Asam PT NEG person will KA help ‘As for Asam, nobody will help him.’
b. *Li oh, bo lang e ka __ tausannkang.
li PT NEG person will KA help ‘As for you, nobody will help you.’
c. *Gua oh, bo lang e ka __ tausannkang.
I PT NEG person will KA help
‘As for me, nobody will help me.’ (Hung 1995, p. 7) In (32), only the ka-NP in a can be missing but never the ka-NPs in b and c. The ka-NP in a is third person singular, in b it is second person singular and in c it is first person singular. The sentences in (32) show that only a third person singular ka-NP can be syntactically absent.
2.3.3 Dynamicity Constraint on the Ka-Verb
Not every type of verb is compatible with the ka construction. Generally speaking, a stative verb cannot show up in the construction.
(33) a. Muemue ka hue tantiau. (nonstative verb) the little sister KA flowers throw away
‘The little sister throws away the flowers.’
b. *Muemue ka hue kahi. (stative verb) the little sister KA flowers like
‘The little sister likes the flowers.’
2.3.4 Progressive Constraint on the Ka-Verb
The situation with the Taiwanese ka construction and the present progressive marker teh is rather complicated. According to Hung (1995), the ka sentences without a verbal complement can have a progressive form while those with a verbal complement cannot. She claims that a bare action verb only indicates an action but
not the accomplishment of an action whereas a verb with a complement always indicates the accomplishment of an action. Given this, the progressive marker can only occur in ka sentences without a verbal complement but not with it. Besides, for the ka sentences without a complement, Hung focuses only on the monosyllabic verb.
Hung’s analysis is right but not precise enough. Bisyllabic verbs like siuli ‘fix’

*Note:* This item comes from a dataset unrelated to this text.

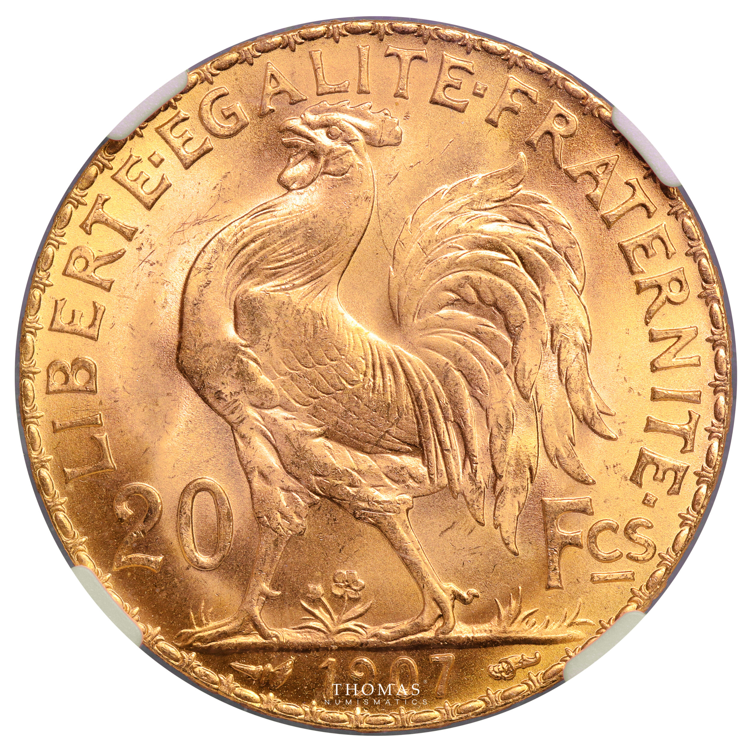 Gold – 20 francs or – 1907 Paris – NGC MS 67

can co-occur with a progressive marker, too. Also, since the occurrence of a progressive marker depends on the telicity of the ka verb, a more precise way to state this constraint is that a progressive marker can only show up in the ka construction with an atelic verb but not in those with a telic verb.
(34) a. I teh ka in kiann me.
he PROG KA his son scold
‘He is scolding his son.’
b. Papa teh ka titi siuli.
father PROG KA little brother hit ‘Father is hitting the little brother.’
c. *I teh ka png chia-liau.
he PROG KA rice eat-finish
‘He is eating the rice all up.’
In (34)a the verb me ‘scold’ is a bare monosyllabic verb and in (34)b the verb siuli
‘fix’ is bisyllabic. Both of the verbs do not indicate accomplished actions, that is, they are atelic verbs, and the sentences are compatible with the progressive marker.
However, in (34)c, a verbal complement liau ‘finish’ signifies the accomplishment of the action and makes the verb become a telic verb, which is contradictory to the meaning of the progressive marker, resulting in the ungrammaticality.
2.3.5 Summary
In this section, four major constraints on the ka construction are discussed:
Referentiality, Omission, Dynamicity, and Progressive constraints. The Referentiality constraint states that only definite or generic NPs can show up in the construction. The Omission constraint states that only when the ka-NP is a third person singular pronoun can it be syntactically absent. As for the Dynamicity constraint, a stative verb cannot occur in the ka construction. Finally, the Progressive constraint states that a progressive marker can only show up in the ka sentences with an atelic verb.